Your objective
Each line from the first entry to the line with "通过与工作人员的深入交流,发", both included, is to be returned unchanged, with any pictures dropped.
*** Block opens ***
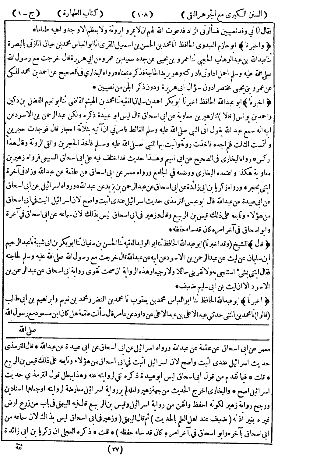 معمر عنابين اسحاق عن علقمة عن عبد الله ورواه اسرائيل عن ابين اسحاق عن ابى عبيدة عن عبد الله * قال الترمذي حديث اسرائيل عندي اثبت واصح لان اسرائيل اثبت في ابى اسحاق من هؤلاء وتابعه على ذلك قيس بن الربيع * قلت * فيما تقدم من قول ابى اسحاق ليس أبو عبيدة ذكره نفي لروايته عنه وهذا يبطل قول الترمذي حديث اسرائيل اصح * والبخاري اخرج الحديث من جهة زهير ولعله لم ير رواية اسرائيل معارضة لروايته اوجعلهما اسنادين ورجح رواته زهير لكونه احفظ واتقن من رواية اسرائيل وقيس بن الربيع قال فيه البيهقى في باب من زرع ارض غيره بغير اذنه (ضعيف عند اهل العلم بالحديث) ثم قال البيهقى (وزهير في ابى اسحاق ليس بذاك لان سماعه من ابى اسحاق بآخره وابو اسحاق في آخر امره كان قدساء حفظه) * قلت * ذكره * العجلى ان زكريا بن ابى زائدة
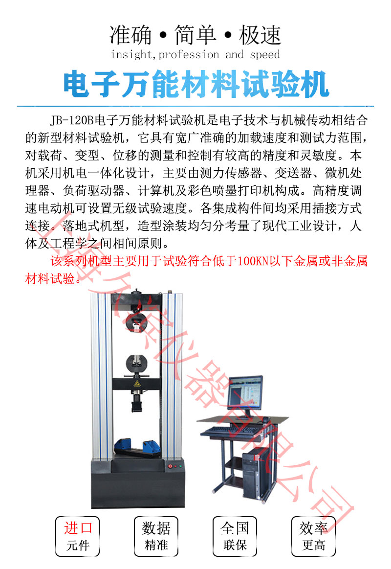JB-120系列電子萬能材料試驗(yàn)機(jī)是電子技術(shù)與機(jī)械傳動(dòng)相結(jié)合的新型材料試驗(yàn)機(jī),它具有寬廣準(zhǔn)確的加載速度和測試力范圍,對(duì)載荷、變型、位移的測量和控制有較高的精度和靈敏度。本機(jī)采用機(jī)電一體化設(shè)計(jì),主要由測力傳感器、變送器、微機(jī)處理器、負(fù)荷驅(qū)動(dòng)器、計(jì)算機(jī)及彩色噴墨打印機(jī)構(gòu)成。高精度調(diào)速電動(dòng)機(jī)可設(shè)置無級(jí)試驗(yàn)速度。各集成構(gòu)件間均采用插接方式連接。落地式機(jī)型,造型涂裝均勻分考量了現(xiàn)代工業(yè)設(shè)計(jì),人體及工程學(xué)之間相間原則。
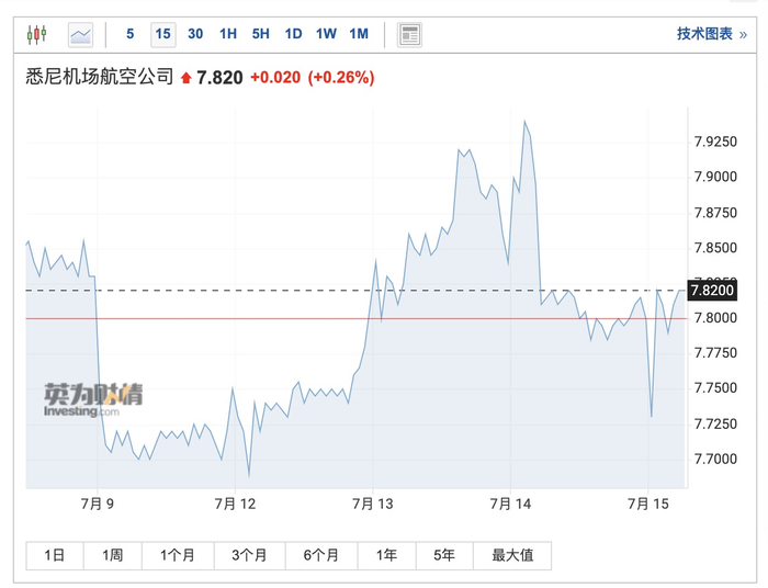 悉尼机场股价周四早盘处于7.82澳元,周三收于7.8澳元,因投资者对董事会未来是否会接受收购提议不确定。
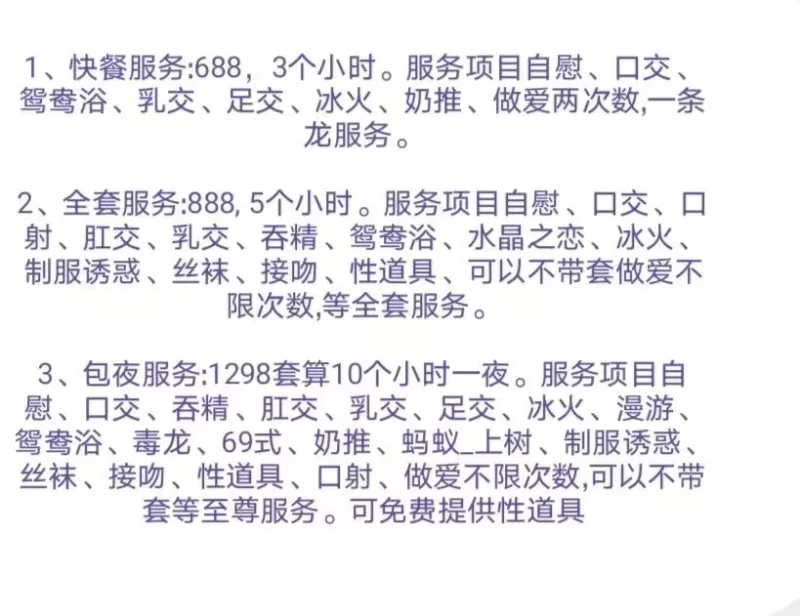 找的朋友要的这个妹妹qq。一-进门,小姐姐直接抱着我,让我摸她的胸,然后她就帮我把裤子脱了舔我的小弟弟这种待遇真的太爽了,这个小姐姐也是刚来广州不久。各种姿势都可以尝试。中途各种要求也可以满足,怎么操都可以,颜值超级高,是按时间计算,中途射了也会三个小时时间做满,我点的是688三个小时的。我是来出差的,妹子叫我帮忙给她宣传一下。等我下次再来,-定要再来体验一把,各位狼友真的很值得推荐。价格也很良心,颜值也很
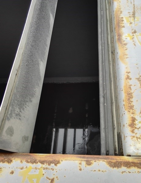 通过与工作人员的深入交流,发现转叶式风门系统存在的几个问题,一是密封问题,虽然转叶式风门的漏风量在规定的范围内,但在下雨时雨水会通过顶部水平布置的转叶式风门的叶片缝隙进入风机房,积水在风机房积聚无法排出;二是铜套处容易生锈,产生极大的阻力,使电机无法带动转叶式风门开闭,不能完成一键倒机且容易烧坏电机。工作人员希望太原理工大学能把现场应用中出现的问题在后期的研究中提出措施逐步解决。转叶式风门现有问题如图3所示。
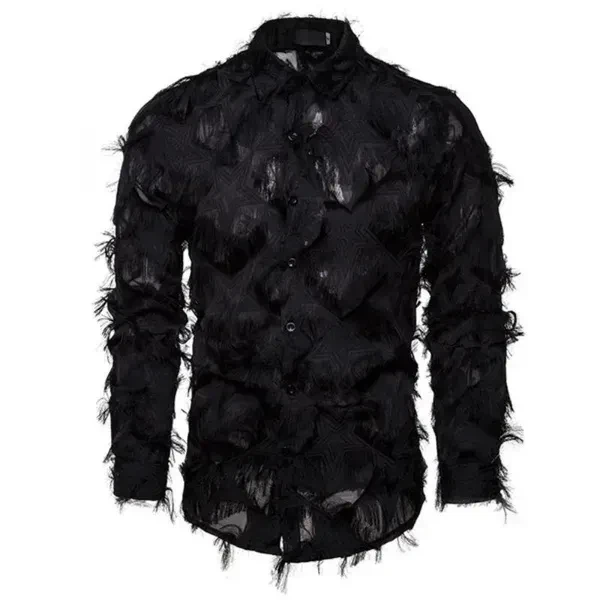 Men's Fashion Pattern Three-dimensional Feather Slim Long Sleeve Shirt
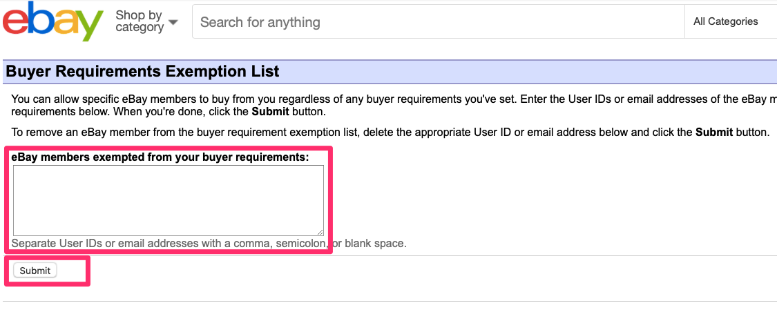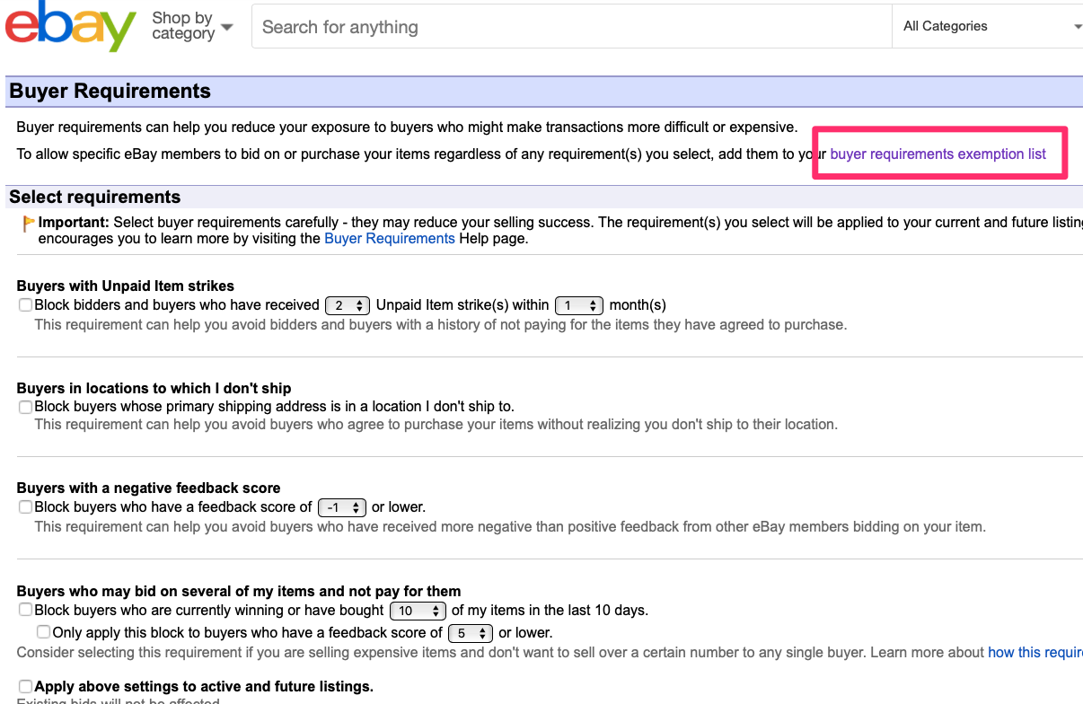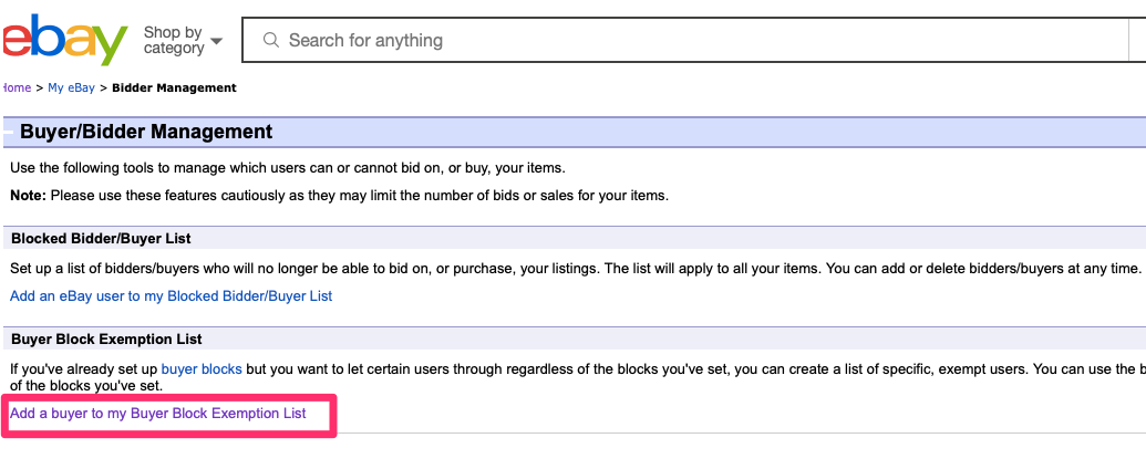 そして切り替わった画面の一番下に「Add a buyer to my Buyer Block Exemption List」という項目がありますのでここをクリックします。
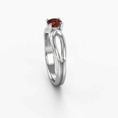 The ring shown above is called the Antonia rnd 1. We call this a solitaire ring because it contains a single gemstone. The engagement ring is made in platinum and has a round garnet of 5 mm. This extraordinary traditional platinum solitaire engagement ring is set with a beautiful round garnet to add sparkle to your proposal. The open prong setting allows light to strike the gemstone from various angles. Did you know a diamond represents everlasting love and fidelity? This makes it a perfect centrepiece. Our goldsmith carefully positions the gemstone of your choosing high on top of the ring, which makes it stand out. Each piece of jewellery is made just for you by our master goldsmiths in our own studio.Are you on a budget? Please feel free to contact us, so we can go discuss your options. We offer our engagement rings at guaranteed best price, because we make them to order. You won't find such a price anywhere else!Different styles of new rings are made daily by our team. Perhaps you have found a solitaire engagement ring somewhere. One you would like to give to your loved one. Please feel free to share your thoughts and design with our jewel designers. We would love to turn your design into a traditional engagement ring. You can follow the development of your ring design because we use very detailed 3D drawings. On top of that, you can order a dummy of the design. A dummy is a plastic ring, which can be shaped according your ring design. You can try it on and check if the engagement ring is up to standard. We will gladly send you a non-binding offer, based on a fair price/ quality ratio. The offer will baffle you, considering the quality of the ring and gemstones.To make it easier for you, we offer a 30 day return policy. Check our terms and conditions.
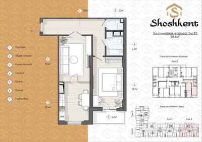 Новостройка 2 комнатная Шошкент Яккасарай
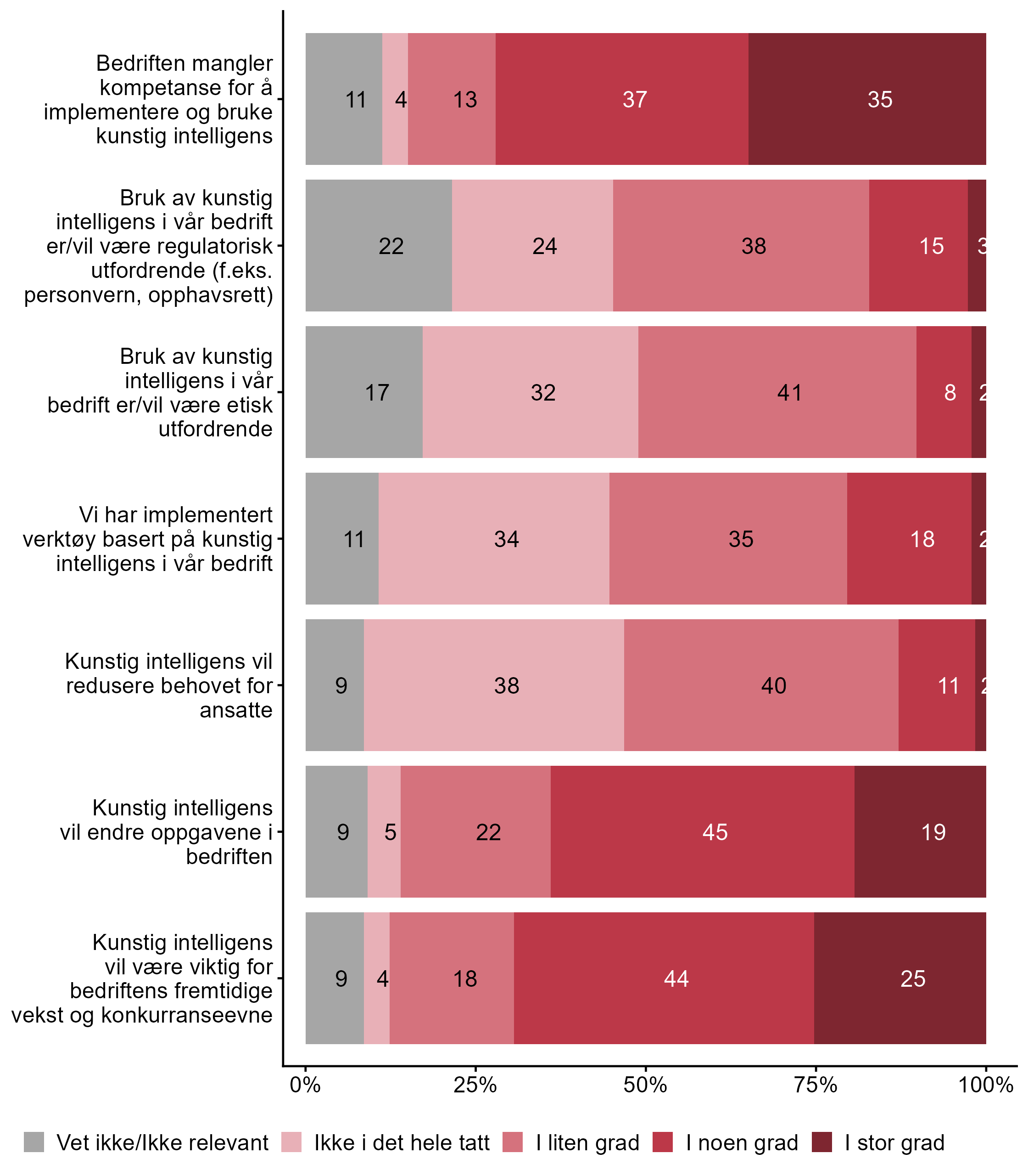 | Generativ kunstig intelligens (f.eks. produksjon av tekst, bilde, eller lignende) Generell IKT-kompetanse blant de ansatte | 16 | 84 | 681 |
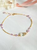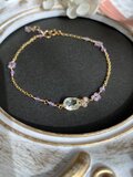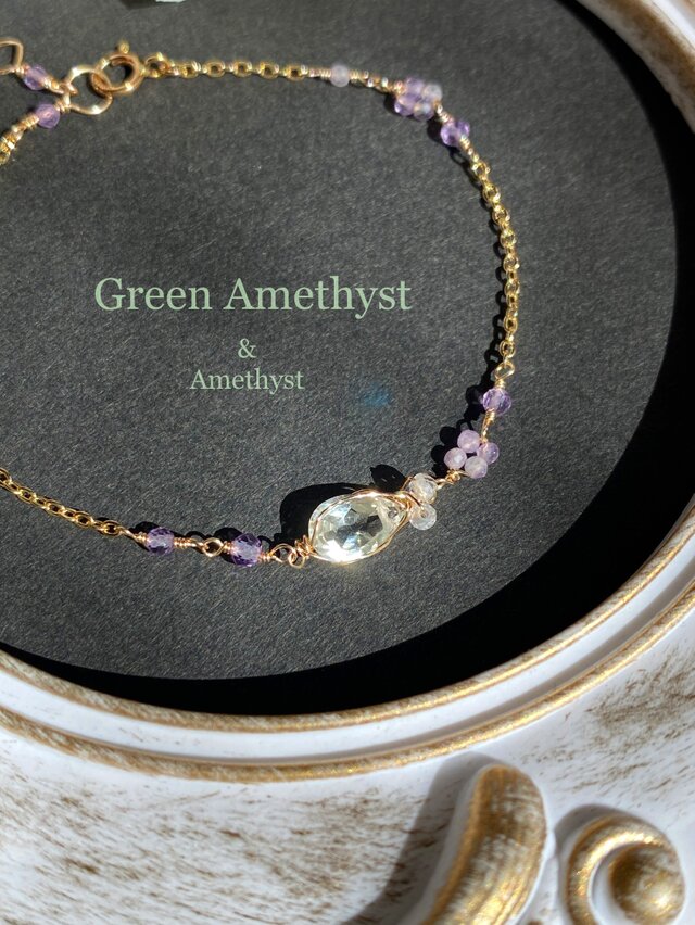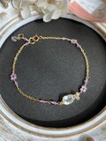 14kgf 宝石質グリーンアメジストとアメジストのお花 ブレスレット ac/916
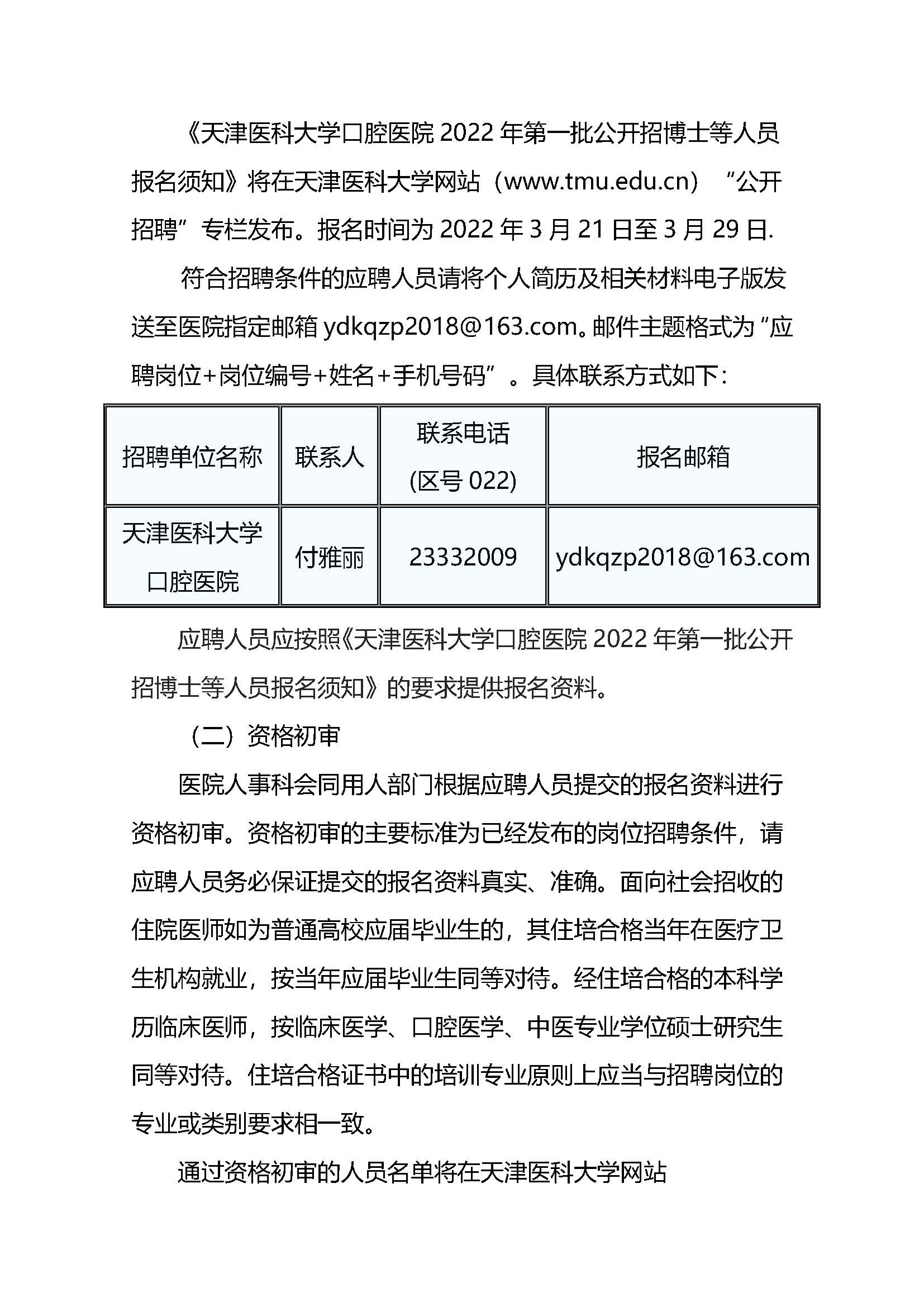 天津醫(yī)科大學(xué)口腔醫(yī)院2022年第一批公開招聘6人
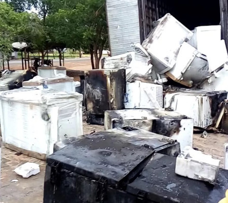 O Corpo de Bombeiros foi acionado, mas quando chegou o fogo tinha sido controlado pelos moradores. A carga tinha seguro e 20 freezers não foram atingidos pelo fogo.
*** Block closes ***
Output
 معمر عنابين اسحاق عن علقمة عن عبد الله ورواه اسرائيل عن ابين اسحاق عن ابى عبيدة عن عبد الله * قال الترمذي حديث اسرائيل عندي اثبت واصح لان اسرائيل اثبت في ابى اسحاق من هؤلاء وتابعه على ذلك قيس بن الربيع * قلت * فيما تقدم من قول ابى اسحاق ليس أبو عبيدة ذكره نفي لروايته عنه وهذا يبطل قول الترمذي حديث اسرائيل اصح * والبخاري اخرج الحديث من جهة زهير ولعله لم ير رواية اسرائيل معارضة لروايته اوجعلهما اسنادين ورجح رواته زهير لكونه احفظ واتقن من رواية اسرائيل وقيس بن الربيع قال فيه البيهقى في باب من زرع ارض غيره بغير اذنه (ضعيف عند اهل العلم بالحديث) ثم قال البيهقى (وزهير في ابى اسحاق ليس بذاك لان سماعه من ابى اسحاق بآخره وابو اسحاق في آخر امره كان قدساء حفظه) * قلت * ذكره * العجلى ان زكريا بن ابى زائدة
JB-120系列電子萬能材料試驗(yàn)機(jī)是電子技術(shù)與機(jī)械傳動(dòng)相結(jié)合的新型材料試驗(yàn)機(jī),它具有寬廣準(zhǔn)確的加載速度和測試力范圍,對(duì)載荷、變型、位移的測量和控制有較高的精度和靈敏度。本機(jī)采用機(jī)電一體化設(shè)計(jì),主要由測力傳感器、變送器、微機(jī)處理器、負(fù)荷驅(qū)動(dòng)器、計(jì)算機(jī)及彩色噴墨打印機(jī)構(gòu)成。高精度調(diào)速電動(dòng)機(jī)可設(shè)置無級(jí)試驗(yàn)速度。各集成構(gòu)件間均采用插接方式連接。落地式機(jī)型,造型涂裝均勻分考量了現(xiàn)代工業(yè)設(shè)計(jì),人體及工程學(xué)之間相間原則。
 悉尼机场股价周四早盘处于7.82澳元,周三收于7.8澳元,因投资者对董事会未来是否会接受收购提议不确定。
 找的朋友要的这个妹妹qq。一-进门,小姐姐直接抱着我,让我摸她的胸,然后她就帮我把裤子脱了舔我的小弟弟这种待遇真的太爽了,这个小姐姐也是刚来广州不久。各种姿势都可以尝试。中途各种要求也可以满足,怎么操都可以,颜值超级高,是按时间计算,中途射了也会三个小时时间做满,我点的是688三个小时的。我是来出差的,妹子叫我帮忙给她宣传一下。等我下次再来,-定要再来体验一把,各位狼友真的很值得推荐。价格也很良心,颜值也很
 通过与工作人员的深入交流,发现转叶式风门系统存在的几个问题,一是密封问题,虽然转叶式风门的漏风量在规定的范围内,但在下雨时雨水会通过顶部水平布置的转叶式风门的叶片缝隙进入风机房,积水在风机房积聚无法排出;二是铜套处容易生锈,产生极大的阻力,使电机无法带动转叶式风门开闭,不能完成一键倒机且容易烧坏电机。工作人员希望太原理工大学能把现场应用中出现的问题在后期的研究中提出措施逐步解决。转叶式风门现有问题如图3所示。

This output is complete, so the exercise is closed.